Wie oft kommt ein Helfer zum Einsatz?
Die Häufigkeit der Besuche bei Klienten liegt im Ermessen des Helfers und wird ganz individuell abgesprochen. Vom einmaligen Besuch über sporadische oder zeitliche begrenzte Betreuung, zum Beispiel nach einer Operation, ist alles möglich. Neue Helfer unterschreiben zunächst eine Art Vertrag und führen ein Erstgespräch mit der Einsatzleiterin. Hilfe benötigen im Übrigen nicht nur alte Menschen, es sind auch Familien mit Kindern dabei, so Stadler-Schmid.
Die Helfer unterliegen in ihrer Arbeit der Schweigepflicht. Fällt ihnen jedoch etwas auf, was problematisch sein könnte, wie eine sehr vermüllte Wohnung, ist ein Gespräch mit der Einsatzleiterin möglich, um gegebenenfalls reagieren zu können.
Für ihre ehrenamtliche Arbeit bekommen die Helfer eine Aufwandsentschädigung von 12 Euro die Stunde plus eine Fahrtkostenpauschale von 35 Cent pro gefahrenem Kilometer. Dies wird auf Stundenzetteln notiert und über die sogenannte Übungsleiterpauschale abgerechnet. „Pro Jahr können die Helfer, die im Einsatz haftpflicht- und unfallversichert sind, bis zu 3000 Euro steuerfrei hinzuverdienen“, erklärte Brigitte Stadler-Schmid. Für Klienten koste das Angebot ab 2024 15 Euro die Stunde.
Was viele nicht wissen: Menschen mit einem Pflegegrad können diese Kosten über den so genannten Entlastungsbetrag von bis zu 125 Euro im Monat von der Krankenkasse erstatten lassen, wenn der pflegende Angehörige entlastet werden soll und ein Nachbarschaftshelfer stundenweise mithilft.
Konzept überzeugt auch neue Ehrenamtliche
Überzeugt vom Konzept haben sich einige der zehn Interessierten gleich bei der Nachbarschaftshilfe Süd registrieren lassen. So wie Saskia Angeneter, die erst seit rund einem Monat in Singen wohnt. „Ich habe davon in der Zeitung gelesen und dachte gleich, das ist was für mich“, sagt die 41-jährige Frau, die sich eine solche ehrenamtliche Tätigkeit neben ihrem Beruf gut vorstellen kann.

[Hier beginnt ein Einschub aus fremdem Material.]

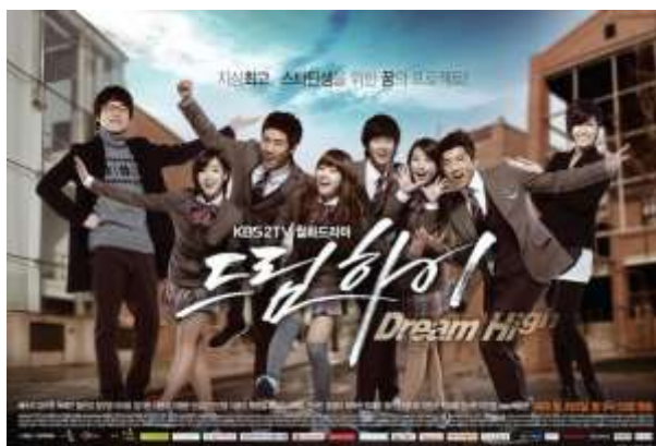
ภาพที่ 3.8 ละครเกาหลีเรื่อง Dream High

บันดาลใจให้กับทุกคนที่มีความฝัน และความมุ่งมั่นอยากจะเป็นดาว ในซีรีส์วัยรุ่นยอดเยี่ยม “DREAM HIGH มุ่งสู่ดาว ก้าวตามฝัน”
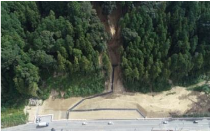
↑神増（現状応急工事後）
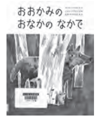
おおかみの おなかのなかで マック・バーネット / 文 徳間書店
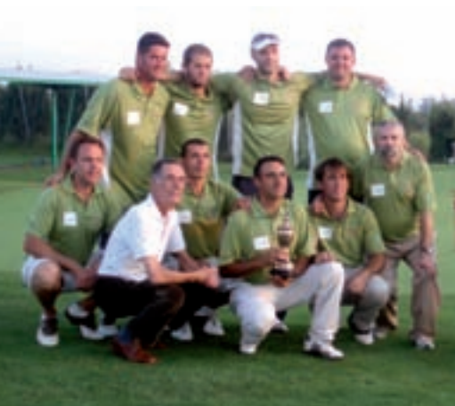
Badalona Motorsol Import, equip guanyador de la Copa Catalunya 2009.

Wegen des gestiegenen Aufwands erhalten die Nachbarschaftshilfen seit 2023 deutlich höhere Zuschüsse von der Stadt. So bekommt die Nachbarschaftshilfe Nord 10.000 Euro und die Nachbarschaftshilfe Süd erhält 7500 Euro im Jahr. Im Norden waren 2022 rund 40 Helferinnen und Helfer im Einsatz, wie im Jahresbericht des Seniorenbüros zu lesen ist. Im Einzugsgebiet Nord wurde 2022 insgesamt 127 Personen betreut, davon 60 aus Singen-Nord. In Singen-Süd wurden gut 40 Menschen betreut, davon der größte Teil aus der Südstadt.